Possibly more important, he said, is that the work decreased the impact of intense rainfall in the spring and too little precipitation in the summer. Better soil health improves water infiltration and holds water when it’s needed in dry months.

It also decreases flooding, which has plagued the state in recent years. Damage from flooding along the Missouri and Mississippi rivers last year hit an estimated $2 billion in Iowa.

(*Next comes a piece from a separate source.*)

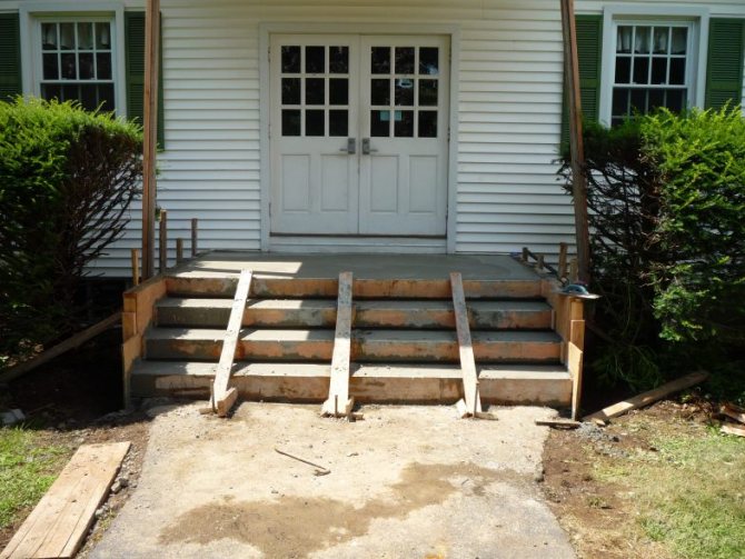 - Приступаем к заполнению опалубки бетоном. Нужно готовить большое количество смеси в короткий срок, поэтому, если размеры крыльца достаточно велики, без электрической бетономешалки не обойтись. Также следите за консистенцией используемого раствора. Из слишком жидкого бетона вы не сформируете ступени правильной формы.

Hatfield estimates that Iowa could reduce its carbon footprint by 25 million tons of carbon annually, with farmers growing cover crops and parking the tractor during spring and fall tillage. The impact on water alone would be tremendous, he said.

Despite the benefits, tradition drives practices for farmers, Hatfield said. Carbon-capture farming “sounds kind of radical ... and there’s economic risk to all of this,” he said. Farmers can lose yields and money, for example, if they use a cover crop that ties up nutrients when cash crops need them.

And few markets exist for a third crop, such as oats, that can be added to a corn and soybean rotation to improve soil health and carbon retention.

Hatfield said the average age of Iowa and U.S. farmers — both 57 — also may make growers less receptive to change.

“You get to a certain age where you’re comfortable and you don’t want to do something different,” Hatfield said. “We’re all that way.”

But Wade Dooley, who farms with his father near Albion in central Iowa, said his generation is looking for change, primarily because of the difficulty in making money by farming.

That’s why the 37-year-old said he’s willing to try new practices and share his experience with other growers who worry adding conservation practices that build carbon will backfire.

“When you try something new, you’re more likely to screw up,” Dooley said. “And when times are tough, nobody wants to make those mistakes.”

Dooley, who’s waiting to see which carbon market program works best before joining, said adopting conservation practices is a “ladder, not a diving board.”

“It’s going to take us all putting our bits and pieces together to do dramatic things,” he said, adding that farmers have the ability. “We converted almost the entire state from tallgrass prairie to corn and soybeans. ... We can shift the biology again.”

“The climate is changing, and we’ll have to change with it or we won’t have a job,” Dooley said.